Geology and Python

A blog stuffed with easy-to-follow Python recipes for geosciences !

Integrating & Exploring 4: Automated Bulk Downloads of Landsat-8 Data Products in Python



Multispectral and hyperspectral satellites are amazing (I'm a huge fan). I tend to think them as a super human vision. Soviet and American space stations started to be launched with multispectral devices in it's equipments in yearly 70's. From them, space scientists have improved it to a solid earth observation system for all kinds of purposes. Today, with these instruments, scientists can accurately categorize trillion of surface pixels, find not only visible, but invisible information, control illegal actions and plan our future as a civilization.

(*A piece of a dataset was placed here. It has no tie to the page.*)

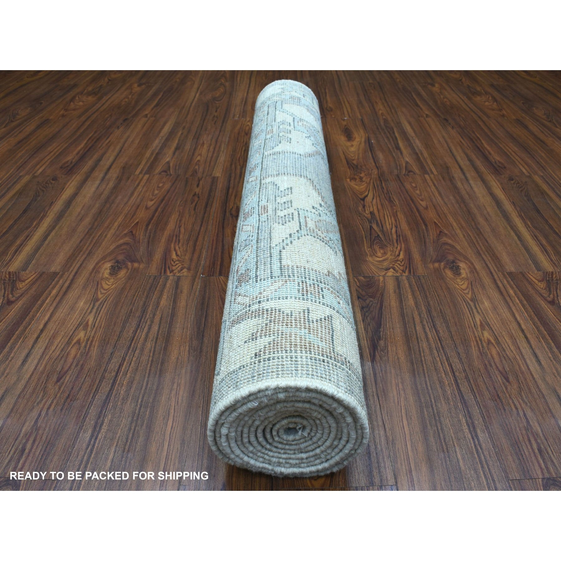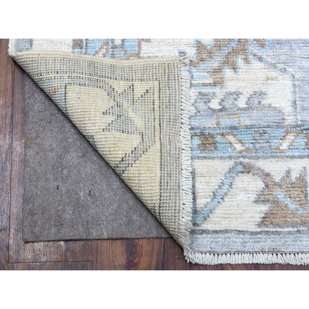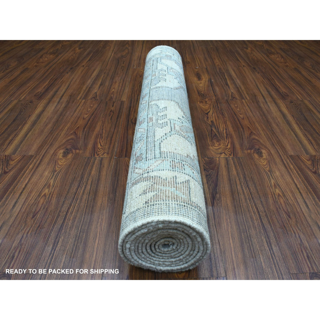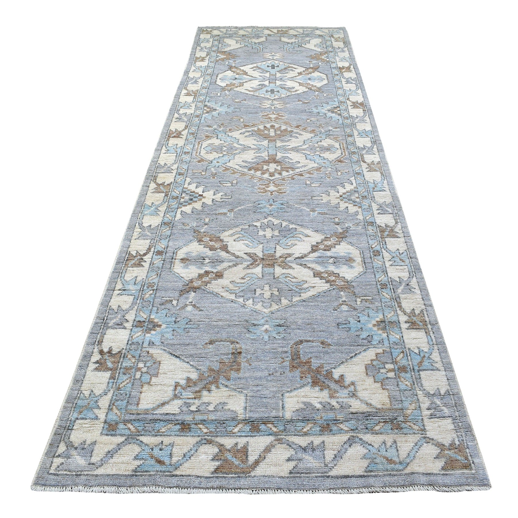 3'10"x12'1" Gray Geometric Anatolian Village Inspired Angora Oushak Hand Knotted Natural Wool Oriental Runner Rug FWR407496

The Landsat Mission is a joint initiative between the U.S. Geological Survey (USGS) and NASA, officially described as:

The world's longest continuously acquired collection of space-based moderate-resolution land remote sensing data.

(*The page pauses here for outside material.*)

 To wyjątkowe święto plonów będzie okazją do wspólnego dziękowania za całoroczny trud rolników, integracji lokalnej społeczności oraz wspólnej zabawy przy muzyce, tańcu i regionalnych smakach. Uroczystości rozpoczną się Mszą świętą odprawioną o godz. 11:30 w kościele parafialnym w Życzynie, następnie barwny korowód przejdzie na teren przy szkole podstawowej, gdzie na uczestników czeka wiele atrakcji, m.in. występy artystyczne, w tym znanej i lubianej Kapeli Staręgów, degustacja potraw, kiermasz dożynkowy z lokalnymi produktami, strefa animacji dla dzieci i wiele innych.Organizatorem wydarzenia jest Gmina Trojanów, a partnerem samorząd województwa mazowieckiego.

The Landsat is a multispectral satellite currently on the eighth of it's series. Landsat-8 data is freely available on the USGS's Earth Explorer website. All we need to do is sign up and find a scene that match our area of study. However, in this tutorial, I will show you how to automate the bulk download of low Cloud Covered Landsat-8 images from the comfort your Python!

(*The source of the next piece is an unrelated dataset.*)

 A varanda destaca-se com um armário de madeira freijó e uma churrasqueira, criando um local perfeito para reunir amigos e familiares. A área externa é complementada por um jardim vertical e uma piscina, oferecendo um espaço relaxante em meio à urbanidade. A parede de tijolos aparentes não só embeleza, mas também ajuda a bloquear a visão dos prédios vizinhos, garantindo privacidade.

This is the PART 4 of a series of posts called Integrating & Exploring. This post is also a consequence of the tweet below. Thanks for votes, retweetes and likes!

Area of Study

Iron River in Michigan, USA


Import pandas and geopandas for easy manipulation and filtering of tables and vector files.folium for interactive map views. os and shutil for file/folder manipulation.

import pandas as pd
import geopandas as gpd
import folium
import os, shutil
from glob import glob

Let's read the vector containing the bounds of the Area of Study. This was processed on previous posts.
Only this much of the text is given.